Не в настроении играть в прятки, я достал свой телефон и проверил ее местонахождение через камеры наблюдения.

Перематывая видео, я нашел кадры, на которых она тащит негабаритный чемодан «Louis Vuitton» в подземный гараж, сжимая ручку двумя сжатыми кулаками, как будто в ней находится мертвое тело.

Чемодан.

Я рванул в том направлении.

Мощное зелье гнева и тревоги бурлило в моем животе. Что, по ее мнению, она делала?

Выбрала один из вариантов, которые ты ей дал. Уходи, придурок.

Меня больше не удивляло, что у меня была реакция на Даллас – на тот момент это было фактом.

Но у меня скрутило желудок и все внутренние органы, сжав их в комок опасений, чтобы признать, как глубоко она впилась мне в кожу. Так глубоко, что она просачивалась сквозь плоть, кровь и кости.

Сквозь стволовые клетки, мозговые шрамы и плотные слои льда.

Она попала прямо туда, где было сыро и нежно. Где боль была неизбежна. Не потому, что она мне нравилась – мне действительно не нравилась Даллас Коста.

А потому, что я хотел ее.

Жаждал ее.

Потому что прикосновение к ней было единственной чертовой вещью, о которой я мог думать.

К тому времени, как я ворвался в двери подземного гаража, во мне было достаточно ярости, чтобы зажечь Вегас. Тем не менее, мое самообладание оставалось безупречным.

Даллас взгромоздилась на гору чемоданов рядом с «Майбахом», перекусывая маленькой коробочкой палочек «Поки» с клубникой. Ее ноги болтались в воздухе, как у ребенка.

Мне было противно видеть, как кто-то настолько неискушенный имеет надо мной такую власть.

Я обошел ее, сцепив руки за спиной.

— Собираешься куда-нибудь в хорошее место?

— Любое место вдали от тебя прекрасно.

Внутри что-то, кто-то, закричало на меня, заставляя ее остаться. Не потому, что я мог ее терпеть, а потому, что потерять ее означало проиграть Мэдисону.

Вместо этого я изобразил равнодушие.

— Чапел-Фолс или Хэмптонс?

— Чапел-Фолс, — она высосала клубничную оболочку, прежде чем бросить голую палочку обратно в коробку. — Я не против выйти замуж за кого-то, у кого есть дети. Много детей, чтобы окружить себя.

Что было с этой женщиной и маленькими людьми?

— Я позвоню Джареду, — я поднес телефон к уху, не веря, что впервые за мой тридцать один год кто-то раскрыл мой блеф и что кому-то понравились книги Генри Плоткина и «Читеры».

— Незачем, — удовлетворенное мычание вырвалось из ее горла от вкуса очередной палочки Поки. — Я уже позвонила ему. Он едет.

Ты поставил ей ультиматум. Она выбрала. А теперь уходи с достоинством и найди другой способ насмехаться над Лихтом.

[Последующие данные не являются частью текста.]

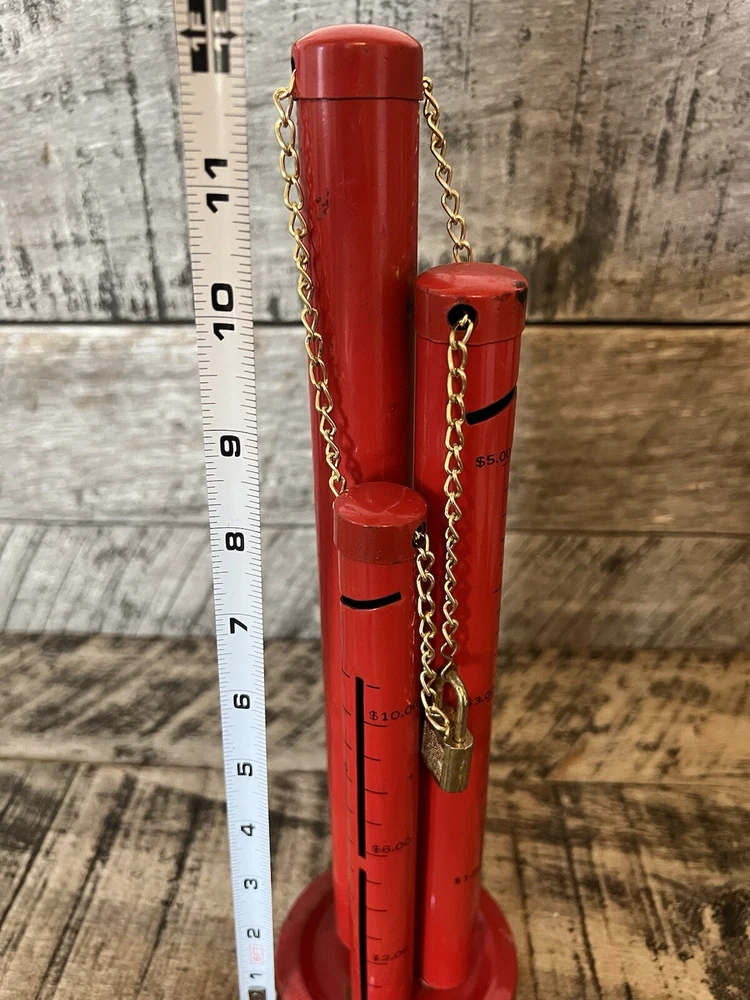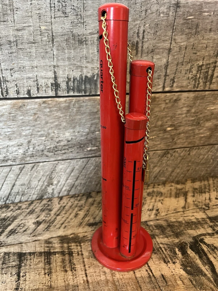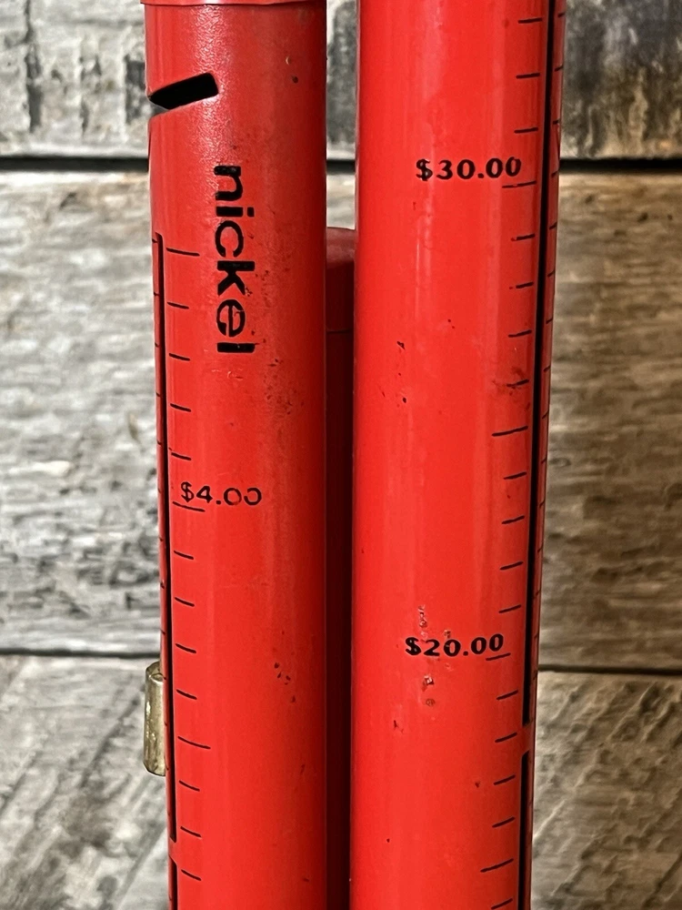 Metal 3 Tower Coin Sorter Triple Tub Bank Quarter Dime Niclel Red. 12 inches tall

Я сунул свой телефон в карман.

— Мои адвокаты пришлют тебе кое-какие бумаги для оформления развода. Это не должно занять слишком много времени из-за брачного контракта.

Вокруг ее закуски расцвела сладкая зубастая улыбка.

— Отлично!

— Хотя… — я продвинулся на один шаг. — Учитывая то количество времени, которое мы женаты, возможно, расторжение брака – лучший вариант, — развод сделал бы ее грешницей Чапел-Фолс. Город никогда не позволит ей пережить это.

Даллас невозмутимо откинула волосы на одно плечо.

— Послушай, Коста. Мне все равно, если ты отправишь меня обратно с пачкой "Чиппендейлз" под боком, покрытой использованными презервативами. Все лучше, чем жить в тюрьме, где за мной постоянно следят, одновременно игнорируют и отказывают в единственном, чего я хочу от тебя – в ребенке.

— Это действительно вершина твоих устремлений? — я нахмурился. — Стать сосудом для перевозки кого-то другого, а затем их слугой на следующие восемнадцать лет?

— Да. И прежде чем ты скажешь мне, что мне нужно разрушить стены патриархата, желание реализовать себя как мать и осознание того, что это моя страсть – это такой же благородный выбор, как стать нейрохирургом.

Я, как обычно, был с ней совершенно не согласен, но обсуждать этот вопрос было бессмысленно.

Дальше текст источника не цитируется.